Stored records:
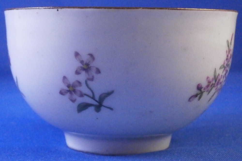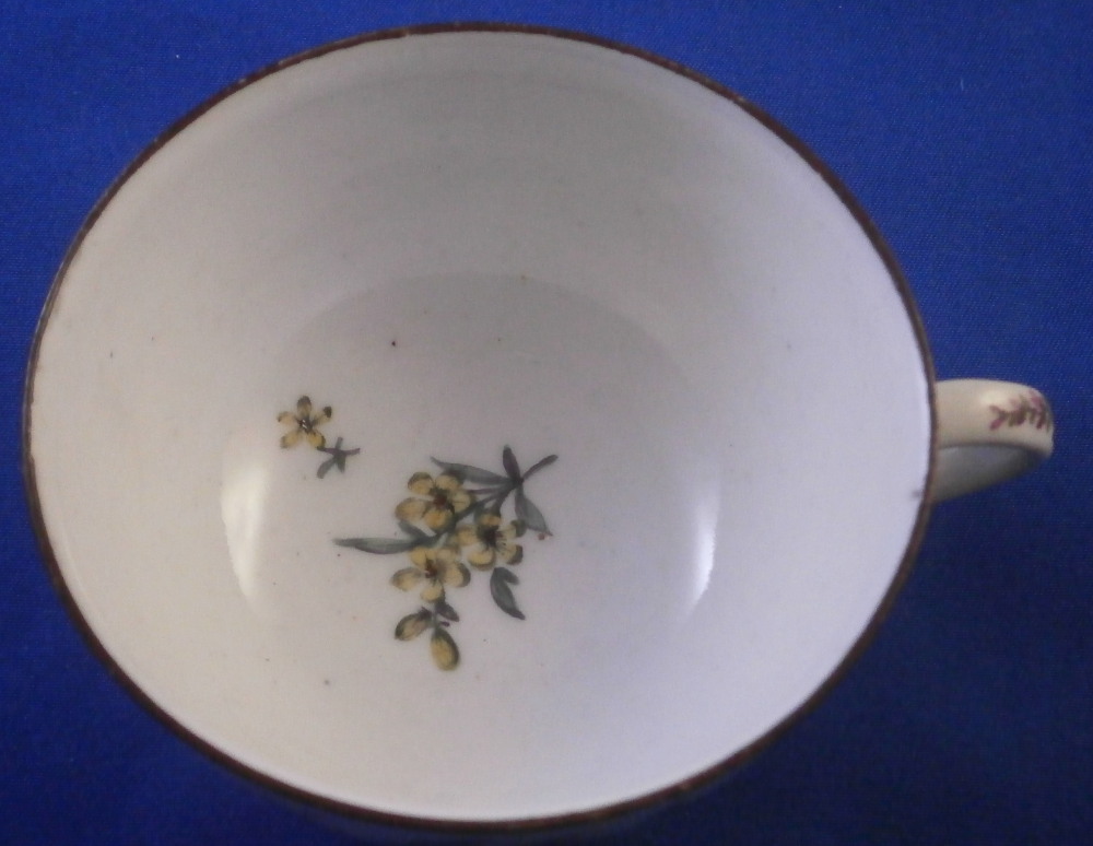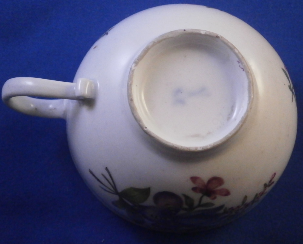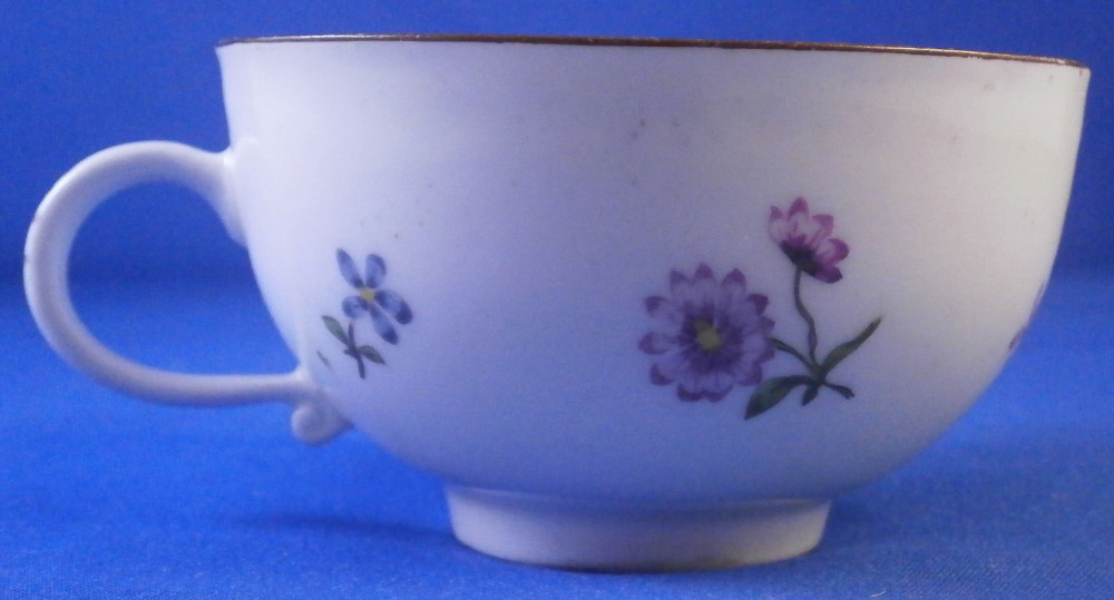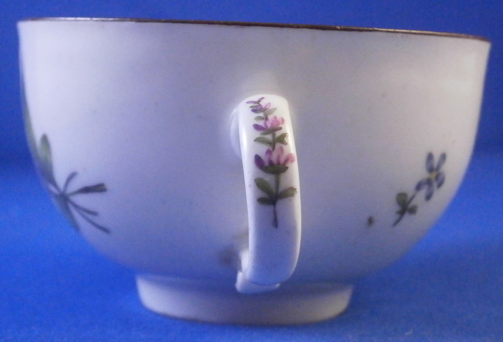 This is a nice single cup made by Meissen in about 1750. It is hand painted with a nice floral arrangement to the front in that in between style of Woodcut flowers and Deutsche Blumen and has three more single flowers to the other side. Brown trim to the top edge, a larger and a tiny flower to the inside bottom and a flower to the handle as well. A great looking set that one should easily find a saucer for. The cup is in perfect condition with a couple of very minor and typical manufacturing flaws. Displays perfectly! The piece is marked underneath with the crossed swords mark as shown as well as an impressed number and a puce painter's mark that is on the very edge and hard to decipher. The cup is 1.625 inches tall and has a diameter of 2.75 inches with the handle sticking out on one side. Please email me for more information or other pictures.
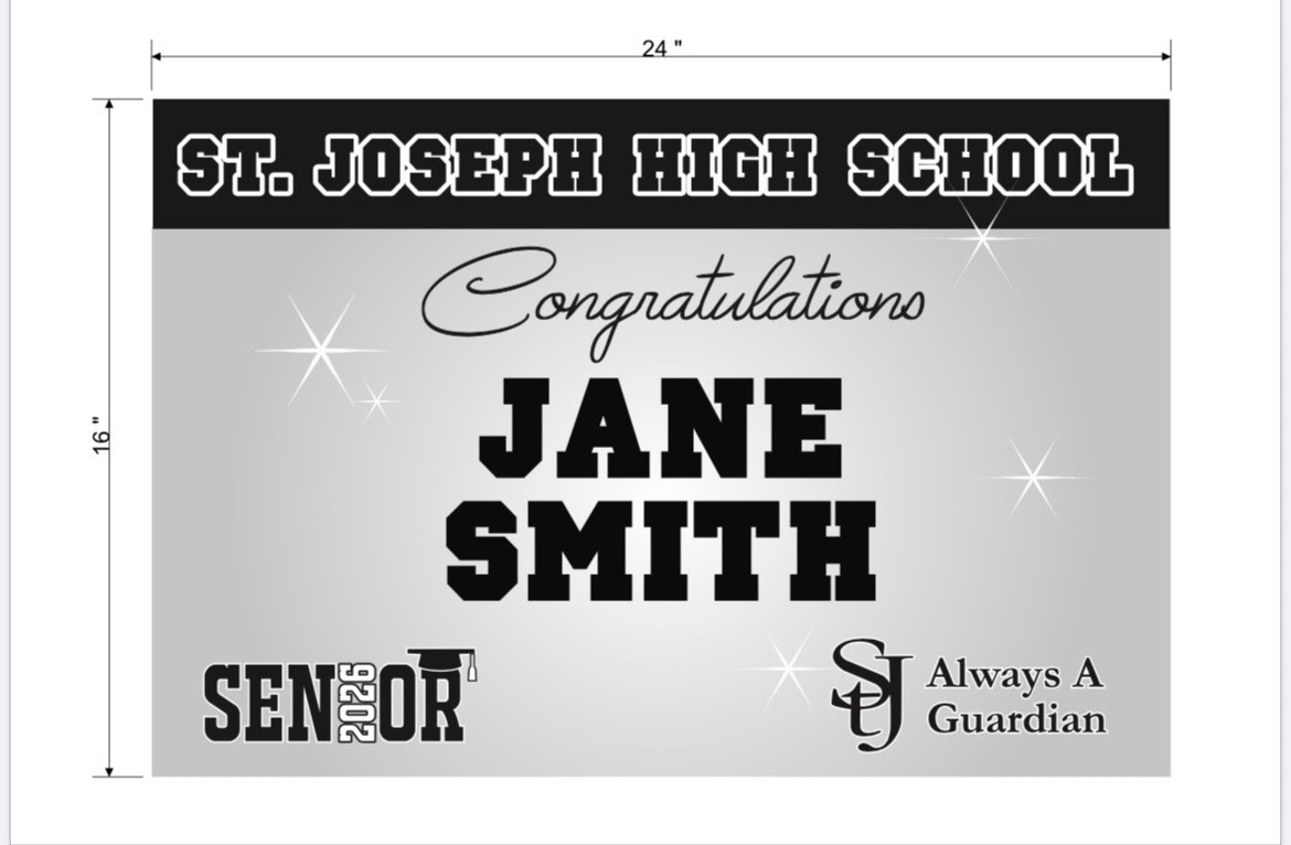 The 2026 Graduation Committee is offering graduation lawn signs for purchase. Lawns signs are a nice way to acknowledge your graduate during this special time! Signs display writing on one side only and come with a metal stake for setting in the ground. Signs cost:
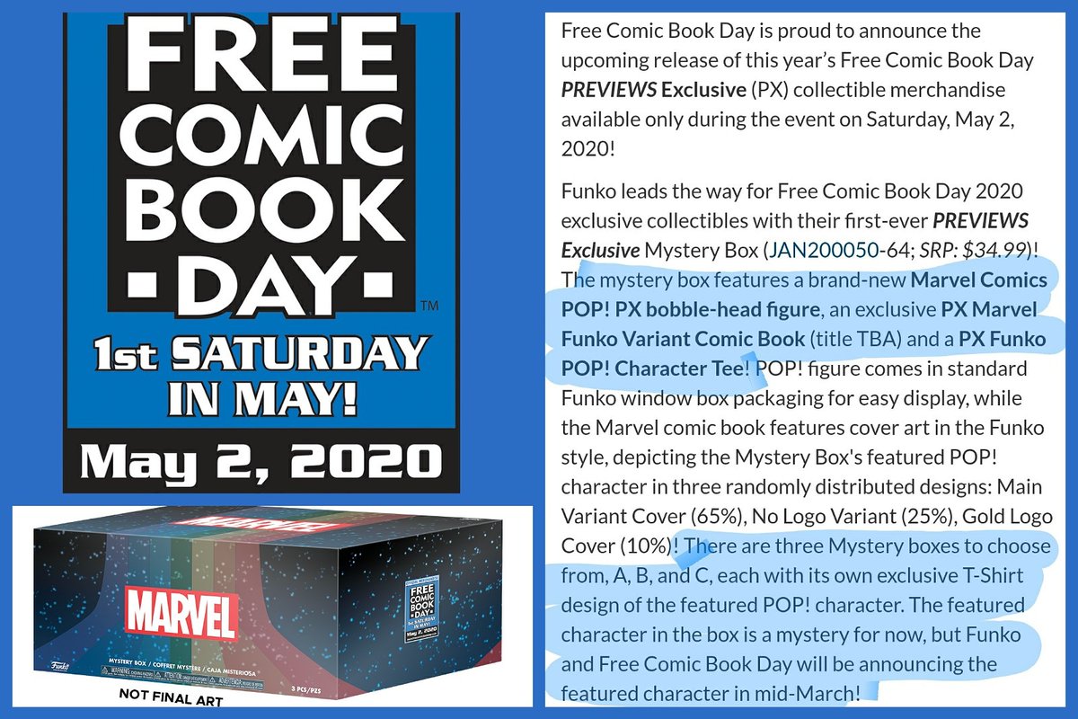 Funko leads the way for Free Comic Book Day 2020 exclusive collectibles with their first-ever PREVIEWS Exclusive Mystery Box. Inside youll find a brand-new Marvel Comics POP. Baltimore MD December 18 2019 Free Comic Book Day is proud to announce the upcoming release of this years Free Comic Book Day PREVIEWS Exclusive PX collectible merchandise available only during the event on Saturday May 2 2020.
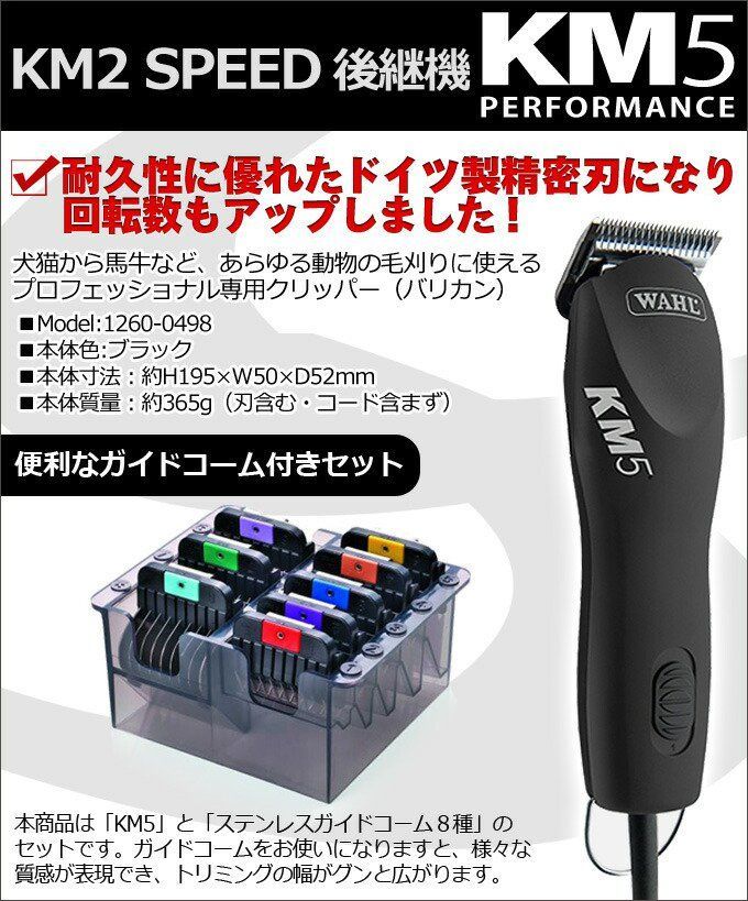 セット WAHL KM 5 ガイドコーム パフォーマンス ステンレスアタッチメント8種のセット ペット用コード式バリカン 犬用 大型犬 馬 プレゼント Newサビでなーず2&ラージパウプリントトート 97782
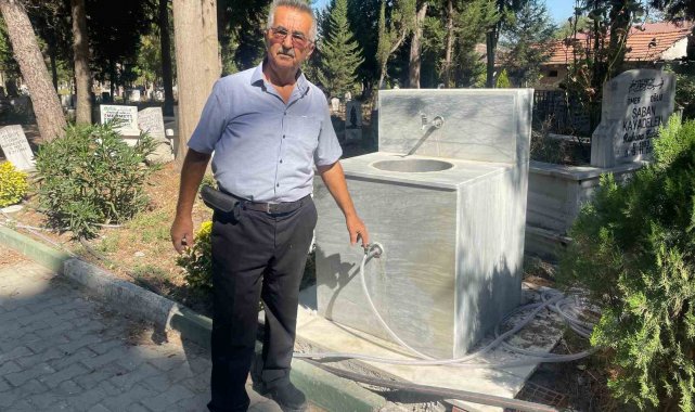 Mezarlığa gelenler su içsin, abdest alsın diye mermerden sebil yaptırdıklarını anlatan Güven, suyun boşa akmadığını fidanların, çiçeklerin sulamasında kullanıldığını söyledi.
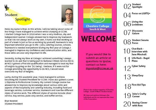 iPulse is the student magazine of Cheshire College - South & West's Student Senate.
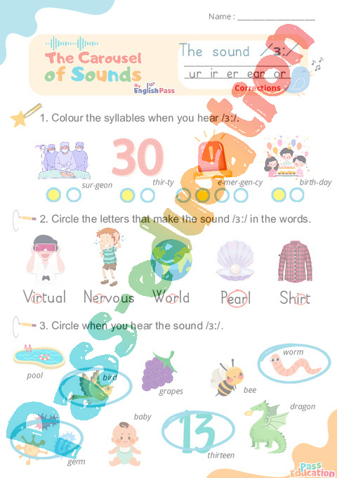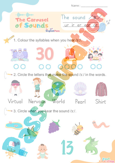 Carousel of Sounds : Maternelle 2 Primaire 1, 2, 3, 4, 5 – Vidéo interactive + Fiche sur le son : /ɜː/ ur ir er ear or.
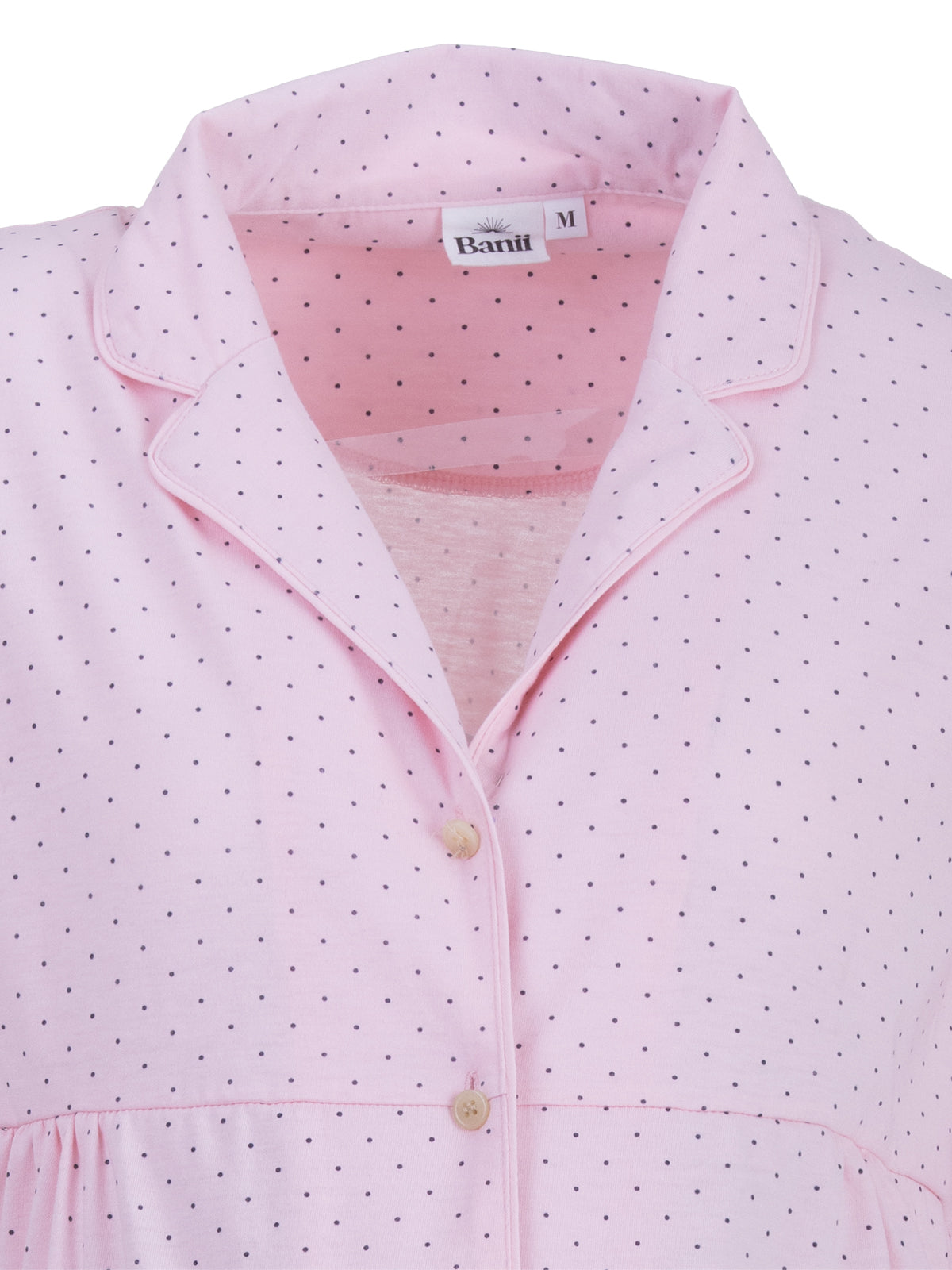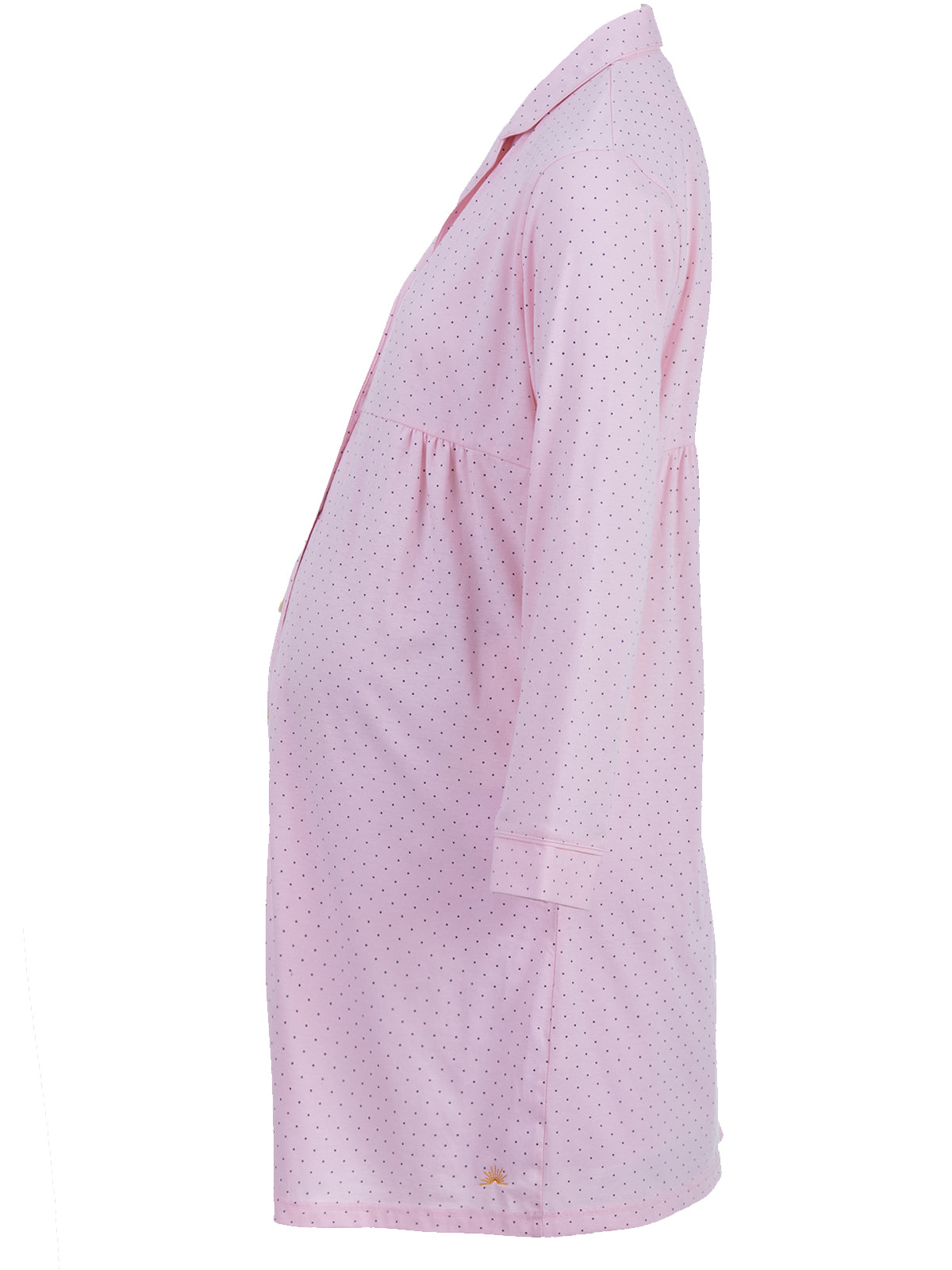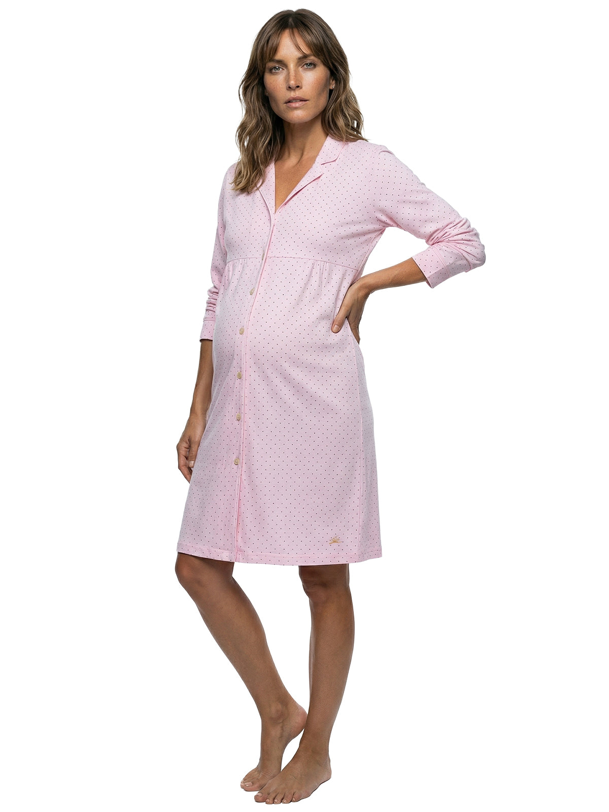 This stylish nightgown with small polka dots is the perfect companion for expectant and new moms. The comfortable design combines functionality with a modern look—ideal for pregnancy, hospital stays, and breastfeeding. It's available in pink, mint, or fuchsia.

### WHAT YOU NEED TO DO
Each record should be printed again precisely, though not its pictures.

### TASK RESULT
 This is a nice single cup made by Meissen in about 1750. It is hand painted with a nice floral arrangement to the front in that in between style of Woodcut flowers and Deutsche Blumen and has three more single flowers to the other side. Brown trim to the top edge, a larger and a tiny flower to the inside bottom and a flower to the handle as well. A great looking set that one should easily find a saucer for. The cup is in perfect condition with a couple of very minor and typical manufacturing flaws. Displays perfectly! The piece is marked underneath with the crossed swords mark as shown as well as an impressed number and a puce painter's mark that is on the very edge and hard to decipher. The cup is 1.625 inches tall and has a diameter of 2.75 inches with the handle sticking out on one side. Please email me for more information or other pictures.
 The 2026 Graduation Committee is offering graduation lawn signs for purchase. Lawns signs are a nice way to acknowledge your graduate during this special time! Signs display writing on one side only and come with a metal stake for setting in the ground. Signs cost:
 Funko leads the way for Free Comic Book Day 2020 exclusive collectibles with their first-ever PREVIEWS Exclusive Mystery Box. Inside youll find a brand-new Marvel Comics POP. Baltimore MD December 18 2019 Free Comic Book Day is proud to announce the upcoming release of this years Free Comic Book Day PREVIEWS Exclusive PX collectible merchandise available only during the event on Saturday May 2 2020.
 セット WAHL KM 5 ガイドコーム パフォーマンス ステンレスアタッチメント8種のセット ペット用コード式バリカン 犬用 大型犬 馬 プレゼント Newサビでなーず2&ラージパウプリントトート 97782
 Mezarlığa gelenler su içsin, abdest alsın diye mermerden sebil yaptırdıklarını anlatan Güven, suyun boşa akmadığını fidanların, çiçeklerin sulamasında kullanıldığını söyledi.
 iPulse is the student magazine of Cheshire College - South & West's Student Senate.
 Carousel of Sounds : Maternelle 2 Primaire 1, 2, 3, 4, 5 – Vidéo interactive + Fiche sur le son : /ɜː/ ur ir er ear or.
 This stylish nightgown with small polka dots is the perfect companion for expectant and new moms. The comfortable design combines functionality with a modern look—ideal for pregnancy, hospital stays, and breastfeeding. It's available in pink, mint, or fuchsia.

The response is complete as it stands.